> _Exercise aim_: Below are the records; extract from them the line containing "1928 Amsterdam. Twee" to the line containing "AliSHA - 男仕淨除霜2入組", both lines included, exactly and with no pictures.

[Raw data Boundary: Start]

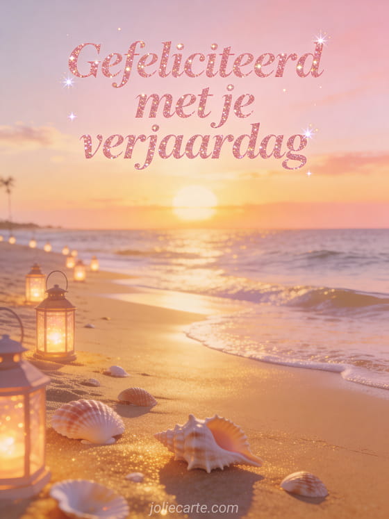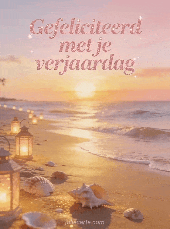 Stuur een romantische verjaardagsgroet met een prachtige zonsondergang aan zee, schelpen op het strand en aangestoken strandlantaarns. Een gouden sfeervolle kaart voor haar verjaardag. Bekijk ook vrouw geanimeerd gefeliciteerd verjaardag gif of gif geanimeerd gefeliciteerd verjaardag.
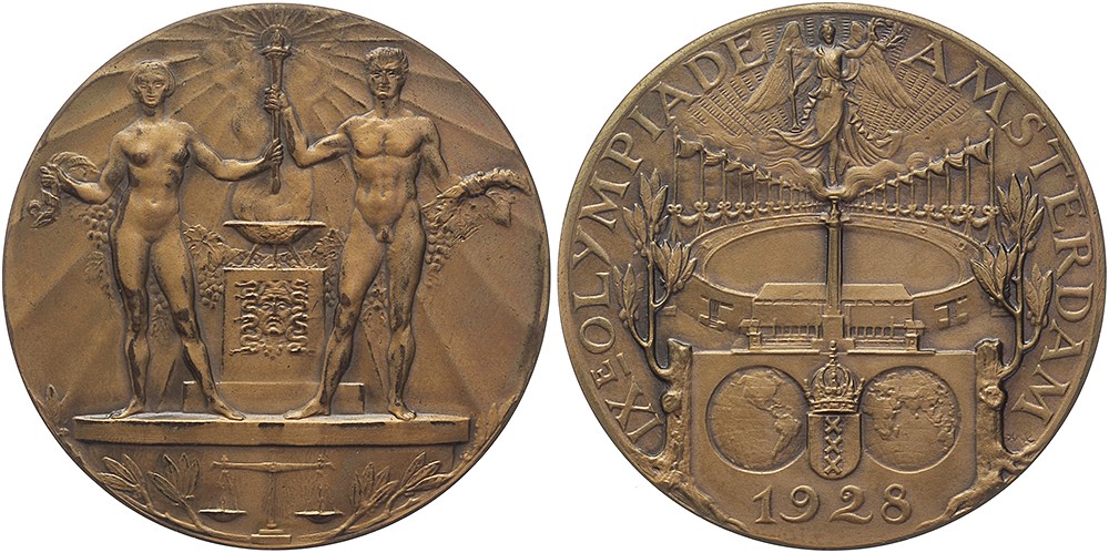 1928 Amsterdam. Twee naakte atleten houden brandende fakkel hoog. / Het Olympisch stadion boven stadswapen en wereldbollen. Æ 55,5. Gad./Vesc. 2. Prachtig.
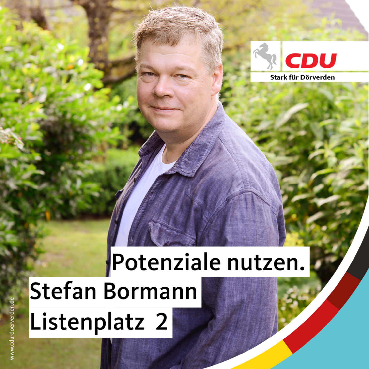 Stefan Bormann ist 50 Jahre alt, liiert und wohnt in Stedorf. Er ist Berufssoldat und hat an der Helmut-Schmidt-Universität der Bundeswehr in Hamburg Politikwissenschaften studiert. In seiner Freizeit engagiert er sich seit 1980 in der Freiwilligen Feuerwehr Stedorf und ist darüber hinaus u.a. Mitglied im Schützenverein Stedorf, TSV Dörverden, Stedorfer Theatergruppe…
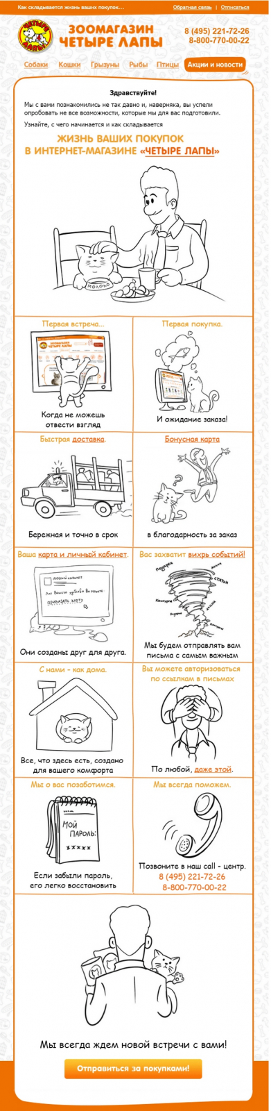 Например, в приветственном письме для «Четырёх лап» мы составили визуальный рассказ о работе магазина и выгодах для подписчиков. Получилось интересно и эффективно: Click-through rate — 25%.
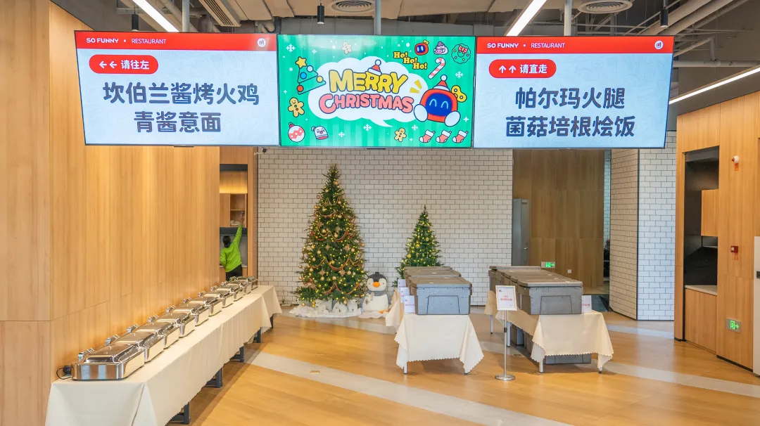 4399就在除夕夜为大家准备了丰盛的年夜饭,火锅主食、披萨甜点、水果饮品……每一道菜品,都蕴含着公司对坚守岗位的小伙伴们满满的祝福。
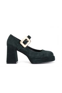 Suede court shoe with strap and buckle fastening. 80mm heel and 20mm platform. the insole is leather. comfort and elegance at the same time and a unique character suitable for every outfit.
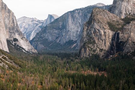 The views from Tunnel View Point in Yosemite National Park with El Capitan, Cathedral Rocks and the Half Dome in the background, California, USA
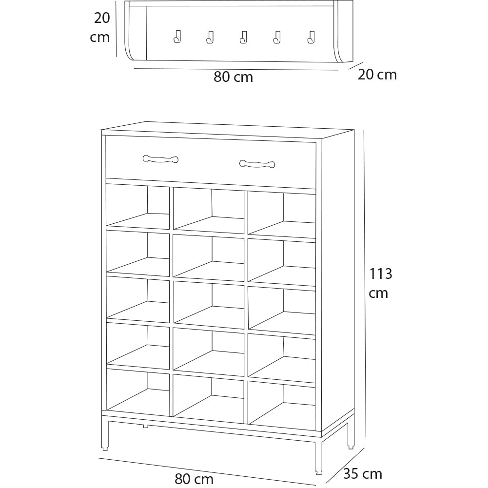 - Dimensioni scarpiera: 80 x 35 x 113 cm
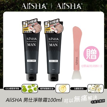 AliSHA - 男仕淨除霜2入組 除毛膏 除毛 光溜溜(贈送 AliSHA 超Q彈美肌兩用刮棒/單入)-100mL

[Raw data Boundary: End]
[Raw data Boundary: Start]

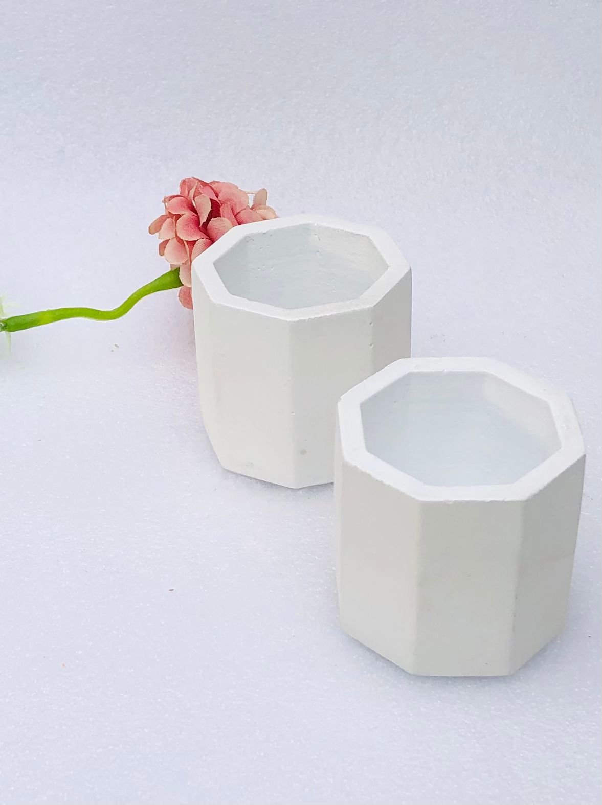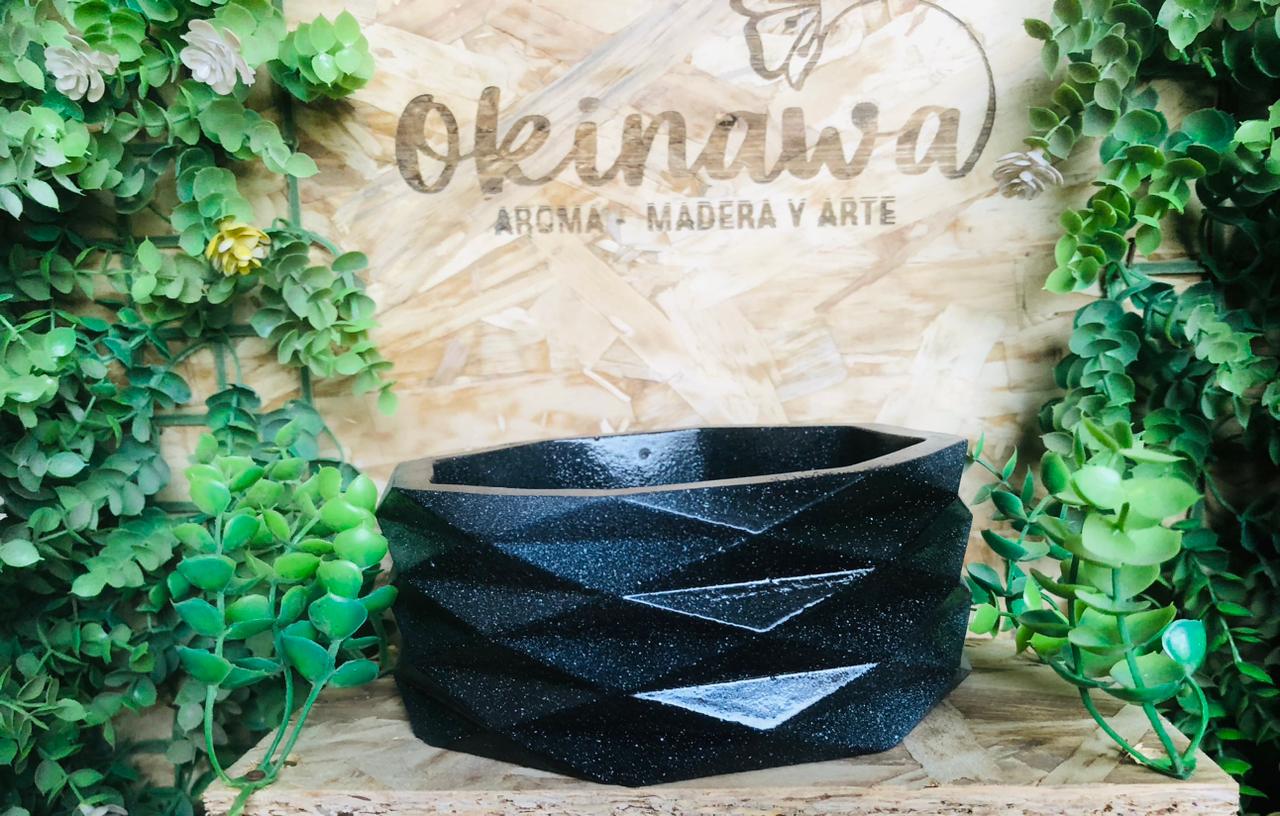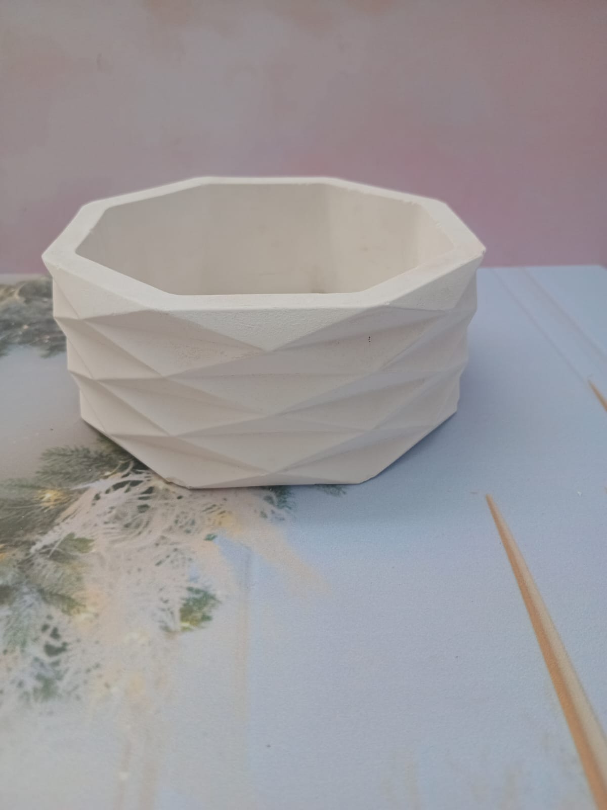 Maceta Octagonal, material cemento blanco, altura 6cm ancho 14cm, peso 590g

[Raw data Boundary: End]

> _Solution for this problem_:
 1928 Amsterdam. Twee naakte atleten houden brandende fakkel hoog. / Het Olympisch stadion boven stadswapen en wereldbollen. Æ 55,5. Gad./Vesc. 2. Prachtig.
 Stefan Bormann ist 50 Jahre alt, liiert und wohnt in Stedorf. Er ist Berufssoldat und hat an der Helmut-Schmidt-Universität der Bundeswehr in Hamburg Politikwissenschaften studiert. In seiner Freizeit engagiert er sich seit 1980 in der Freiwilligen Feuerwehr Stedorf und ist darüber hinaus u.a. Mitglied im Schützenverein Stedorf, TSV Dörverden, Stedorfer Theatergruppe…
 Например, в приветственном письме для «Четырёх лап» мы составили визуальный рассказ о работе магазина и выгодах для подписчиков. Получилось интересно и эффективно: Click-through rate — 25%.
 4399就在除夕夜为大家准备了丰盛的年夜饭,火锅主食、披萨甜点、水果饮品……每一道菜品,都蕴含着公司对坚守岗位的小伙伴们满满的祝福。
 Suede court shoe with strap and buckle fastening. 80mm heel and 20mm platform. the insole is leather. comfort and elegance at the same time and a unique character suitable for every outfit.
 The views from Tunnel View Point in Yosemite National Park with El Capitan, Cathedral Rocks and the Half Dome in the background, California, USA
 - Dimensioni scarpiera: 80 x 35 x 113 cm
 AliSHA - 男仕淨除霜2入組 除毛膏 除毛 光溜溜(贈送 AliSHA 超Q彈美肌兩用刮棒/單入)-100mL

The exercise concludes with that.